When using put in HBase, notice:
AutoFlush
AutoFlush meets the request of real time, and you can immediately see the row after it is added into the table. But when performing a lot of Puts, make sure that setAutoFlush is set to false on your HTable instance. Otherwise, the Puts will be sent one at a time to the RegionServer. If autoFlush = false, these messages are not sent until the write-buffer is filled, so it can reduce the number of client RPC calls. To explicitly flush the messages, call flushCommits. Calling close on the HTable instance will invoke flushCommits.
WAL on Puts
WAL means Write Ahead Log. Turning this off means that the RegionServer will not write the Put to the Write Ahead Log, only into the memstore and it will improve the performance. HOWEVER turn it off is not recommended because if there is a RegionServer failure there will be data loss.

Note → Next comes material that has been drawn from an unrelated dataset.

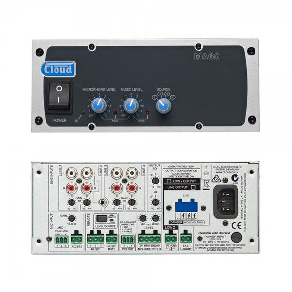 Il modello MA60T è costruito per un’eccezionale qualità del suono e la tradizionale affidabilità Cloud, nonché per l’onnipresente garanzia commerciale di 5 anni di Cloud.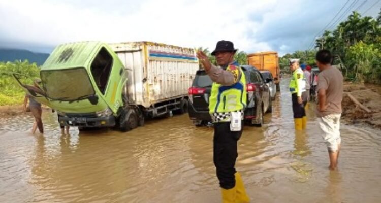 Personel Satlantas Polres Aceh Selatan Gatur Jalan di Lokasi Banjir

When using scan in HBase, notice:
Scan Attribute Selection
Whenever a Scan is used to process large numbers of rows, be aware of which attributes are selected. Call the scan.addFamily to appoint the specific column values you want rather than get the entire row, because attribute over-selection is a non-trivial performance penalty over large datasets.
Scan Caching
When peforming a large number of Scans, make sure that the input Scan instance has setCaching set to something greater than the default (which is 1). Setting this value to 500, for example, will transfer 500 rows at a time to the client to be processed. There is a cost/benefit to have the cache value be large because it costs more in memory for both client and RegionServer, so bigger isn't always better.
HBase can be both the input and output of a Map Reduce Job. In the perf-log project, we use HBase as the output of the MR job and it is best to obey the following rules:
Get one HTable instance
There is a cost instantiating an HTable, so if you do this for each insert, you may have a negative impact on performance. Hence our setup of HTable in the configure() step.
Skip the Reducer if possible
When writing a lot of data to an HBase table from a MR job and specifically where Puts are being emitted from the Mapper, skip the Reducer step. When a Reducer step is used, all of the output (Puts) from the Mapper will get spooled to disk, then sorted/shuffled to other Reducers that will most likely be off-node. It's far more efficient to just write directly to HBase.